### Instructions to follow
After locating the line that contains "of the era." in the material below, copy that line and each one following it, exactly, up to the last line. Pictures stay out.

### Information provided
%%
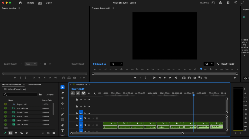 Despite looking into property prices, (buying and renting) for each of these postcodes, I was now much more interested in the different audio recordings I had received. I decided to create a value scale organising the recordings from quietest to loudest. To edit my sound-scale together, and so I was able to view the sound waves for each recording accurately I used Premier Pro.
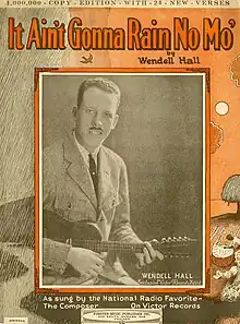 "It Ain't Gonna Rain No Mo'" or "It Ain't Gonna Rain No More" is a song by "The Red-Headed Music Maker", singer and instrumentalist Wendell Hall (1896–1969). Ukulele arrangement on the song was by May Singhi Breen.[1] Hall's 1923 recording of it was a hit in the US and also in Britain, where it was sung during the 1925 FA Cup final by Sheffield United supporters, making it a popular football song of the era.
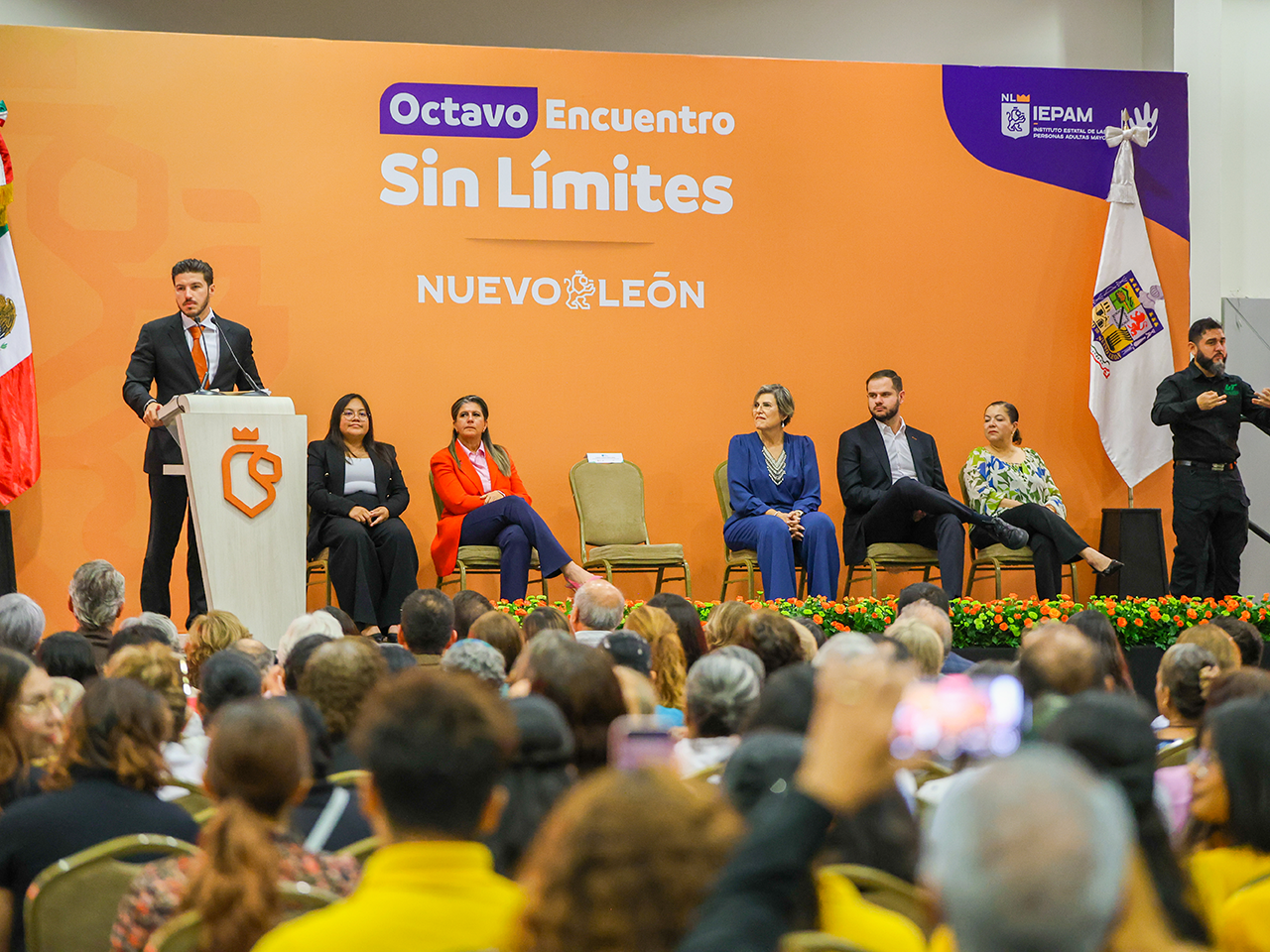 Monterrey, Nuevo León.- Tras dar arranque al Octavo Encuentro sin Límites “Re-evolucionando el envejecimiento”, el Gobernador de Nuevo León Samuel Alejandro García Sepúlveda destacó que desde la Nueva Constitución se reconoce el derecho a una vida digna de los adultos mayores y aseguró que esto ha sido posible gracias al trabajo de las diversas dependencias.
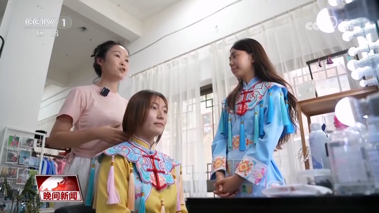 游客如约而至,陈昌敏随即带着她们挑选服装,考虑到是年轻闺蜜组团拍摄,她推荐改良款羌服——既保留传统纹样又显腰身,同时羌服颜色相呼应,不仅有松弛感还能突出个人特色。
%%
### Task answer
 "It Ain't Gonna Rain No Mo'" or "It Ain't Gonna Rain No More" is a song by "The Red-Headed Music Maker", singer and instrumentalist Wendell Hall (1896–1969). Ukulele arrangement on the song was by May Singhi Breen.[1] Hall's 1923 recording of it was a hit in the US and also in Britain, where it was sung during the 1925 FA Cup final by Sheffield United supporters, making it a popular football song of the era.
 Monterrey, Nuevo León.- Tras dar arranque al Octavo Encuentro sin Límites “Re-evolucionando el envejecimiento”, el Gobernador de Nuevo León Samuel Alejandro García Sepúlveda destacó que desde la Nueva Constitución se reconoce el derecho a una vida digna de los adultos mayores y aseguró que esto ha sido posible gracias al trabajo de las diversas dependencias.
 游客如约而至,陈昌敏随即带着她们挑选服装,考虑到是年轻闺蜜组团拍摄,她推荐改良款羌服——既保留传统纹样又显腰身,同时羌服颜色相呼应,不仅有松弛感还能突出个人特色。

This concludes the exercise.